### YOUR INSTRUCTIONS
Repeat word for word the lines from the one containing "A banknote of" to the end of the material below, and leave all pictures out.

Content starts

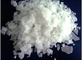 a base used in soap-low quality
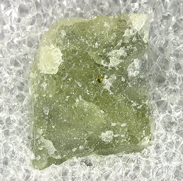 Greenockite, Chalcopyrite, Prehnite Locality: Houdaille Quarry (Summit Quarry; Commonwealth Quarry), Springfield, Union County, New Jersey, USA (Locality at ) Size: 1.6 x 1.4 x 0.5 cm. Greenockite is a rather rare species, considering it has a very simple chemistry (Cadmium Sulfide). There are only a handful of localities in the world for fine crystallized Greenockite specimens, and the Summit Quarry in New Jersey is possibly the best U.S. locality for the species (certainly the best in New Jersey). This locality opened in the early 20th Century, and produced a large number of Zeolites species and other associated minerals in its history. It is now long gone, but thanks to collectors like Richard Kosnar, many good specimens now survive from this historic Quarry. This specimen was collected by Richard Kosnar in 1964 when he had just graduated from high school. He had almost exclusive access to the quarry at the time, and was able to collect some very unique and interesting Greenockite specimens over several years time. As a matter of fact, Richard Kosnar most likely collected more Greenockite specimens from New Jersey than any other collector, even many collectors combined. This piece is mounted in a perky box, and upon close examination, one can see a small honey colored "beehive"-shaped Greenockite crystal in the center of the specimen which has a small crystal of Chalcopyrite at the base. The crystals are sitting on a beautifully contrasting green Prehnite matrix. This specimen is nearly 50 years old. Ex. Richard Kosnar Collection.
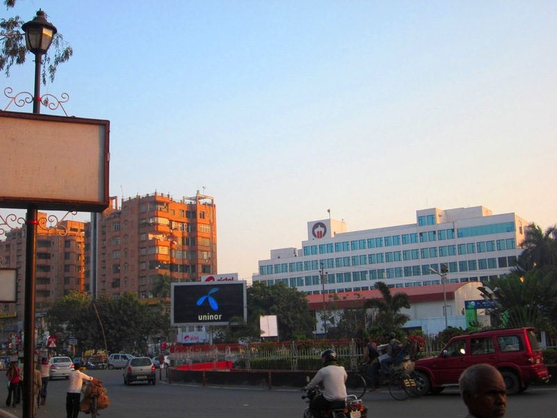 patna
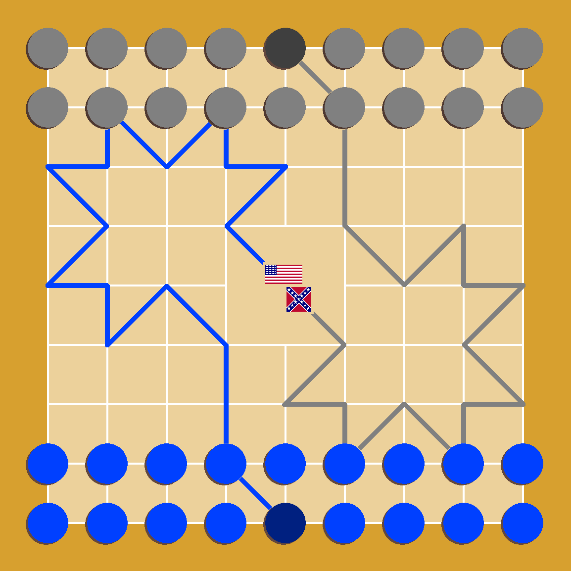 Blue & Gray init config. All done in MS PAINT.
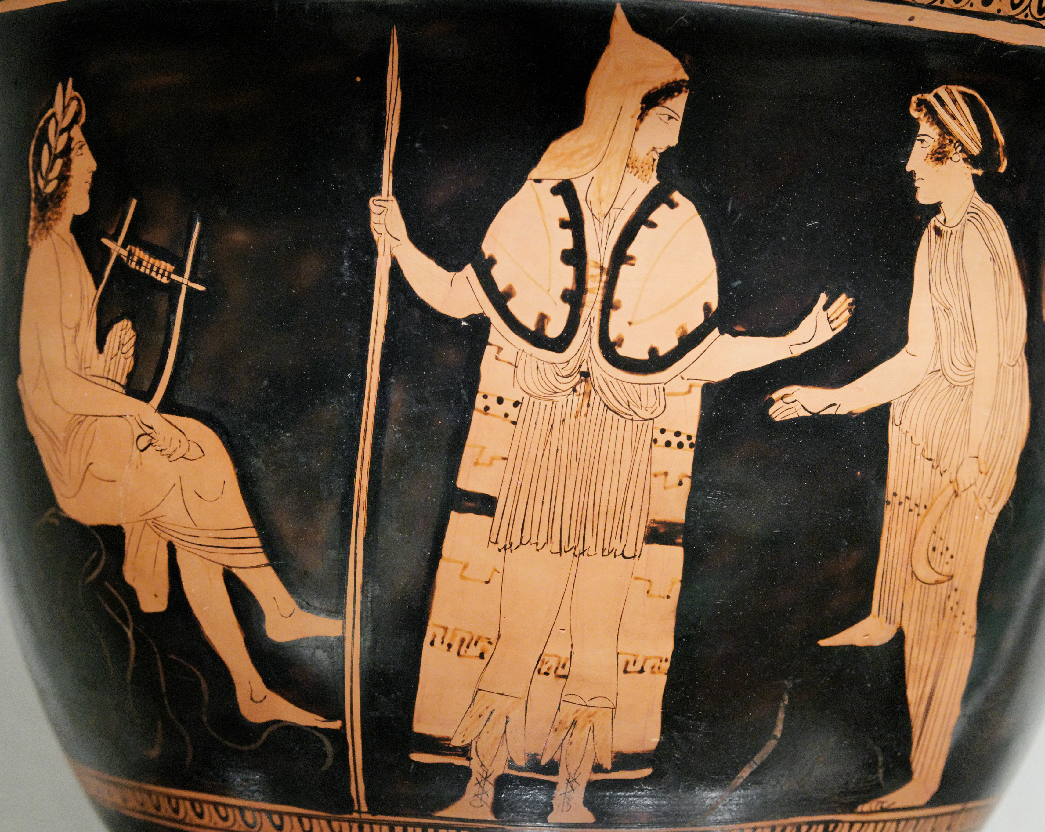 Orpheus amongst the Thracians. Side A of an Attic red-figure bell-krater.
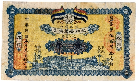 A banknote of the Republic of China denominated in "a string of Beijing/Capital cash coins".
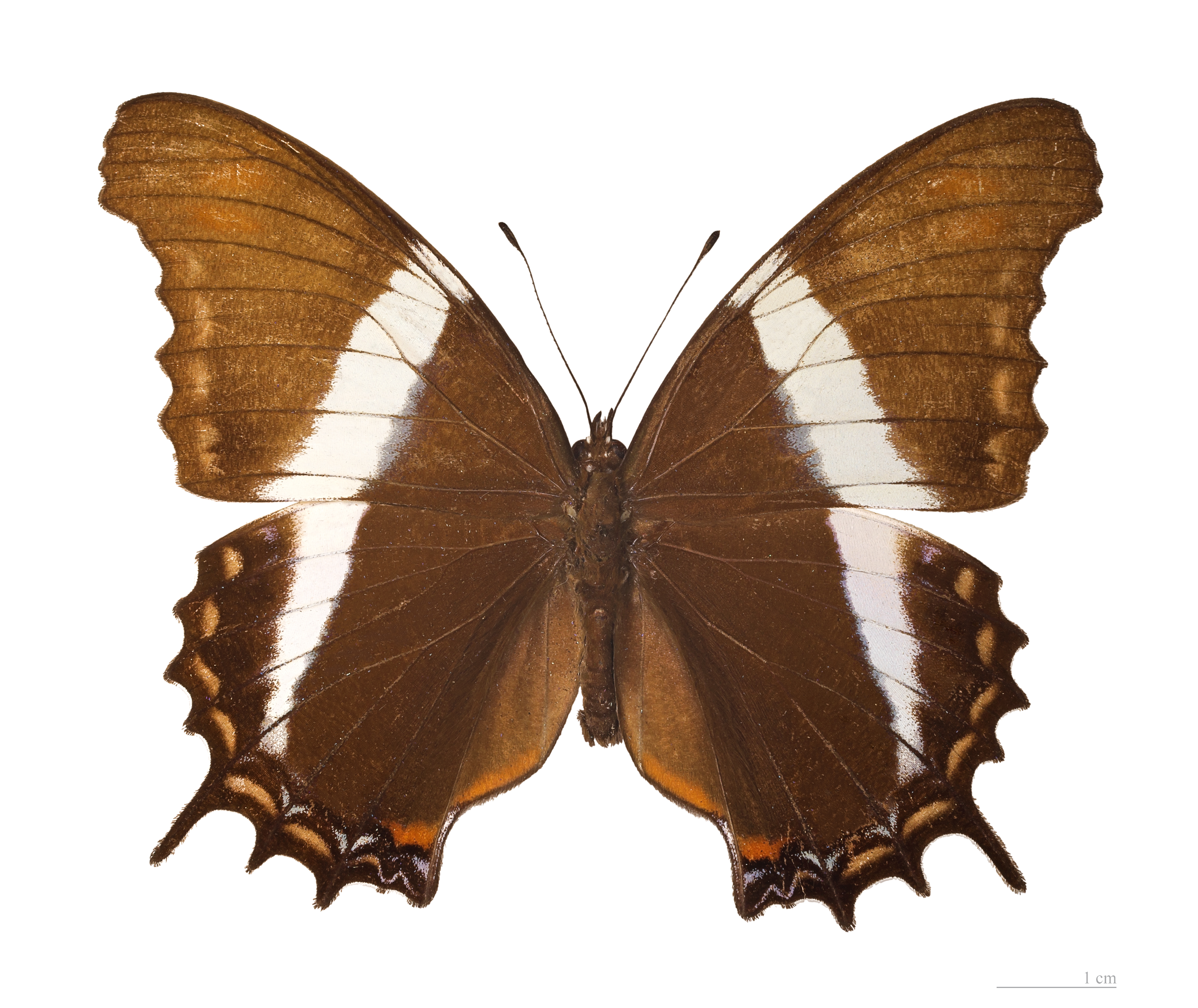 Broad-banded Page ♂ - Dorsal side Locality: San Jerónimo, Chiapas, Mexico

Content ends

### ANSWER SPACE
 A banknote of the Republic of China denominated in "a string of Beijing/Capital cash coins".
 Broad-banded Page ♂ - Dorsal side Locality: San Jerónimo, Chiapas, Mexico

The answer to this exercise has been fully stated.